National Pension System (NPS): Launched in 2004, NPS replaced OPS for new employees and introduced a funded, defined contribution regime. Employees and employers contribute to a pooled fund, with investments in market-linked securities.
Unified Pension Scheme (UPS): Combines the defined benefits of OPS with the defined contribution mechanism of NPS. Employees contribute 10% of salary, and the government contributes 18.5%, with the government covering any shortfall between contributions and pension promises.
Reasons for the Change:
Pushback Against NPS: Government employees have expressed concerns over the lack of assured pension under NPS, leading to dissatisfaction among post-2004 employees retiring with lower benefits.

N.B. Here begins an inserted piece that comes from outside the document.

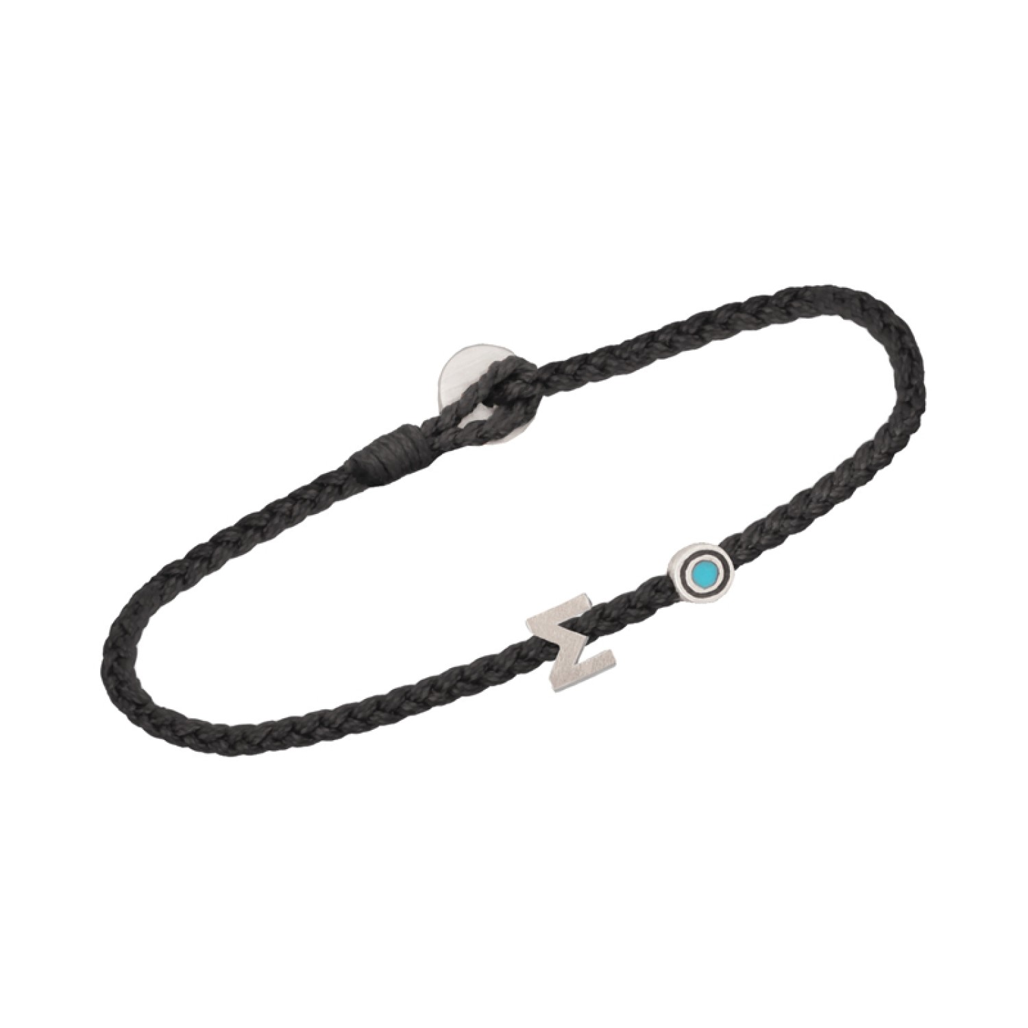 Βραχιόλι κορδόνι ασημένιο Μονόγραμμα Σ και Μάτι

Electoral and Political Considerations: Opposition parties, particularly the Congress, promised a return to OPS in some states, increasing pressure on the government to address concerns.
Review by the Committee: In March 2023, Finance Minister Nirmala Sitharaman announced a review of NPS, balancing employees' aspirations with fiscal prudence.
The UPS is informed by this committee's findings.
Employee and State Reactions:
General Reception: Central government employees have broadly welcomed the UPS, seeing it as recognition of NPS issues.
However, there are concerns about the contributory aspects and lack of commutation options like the OPS.
Economists' Views: Economists are awaiting more details on the UPS's financial implications.
Assured pensions will add to the government’s committed expenditures, requiring adjustments in the fiscal consolidation roadmap.
Fiscal Impact: The immediate impact will include the additional 4.5% government contribution to UPS, with future payouts being higher but potentially manageable with increased revenue growth.
This adjustment is seen as comparable to Pay Commission revisions.
The shift to UPS reflects the government's response to employee concerns and political pressures, balancing the need for fiscal responsibility with the promise of assured pensions for government employees.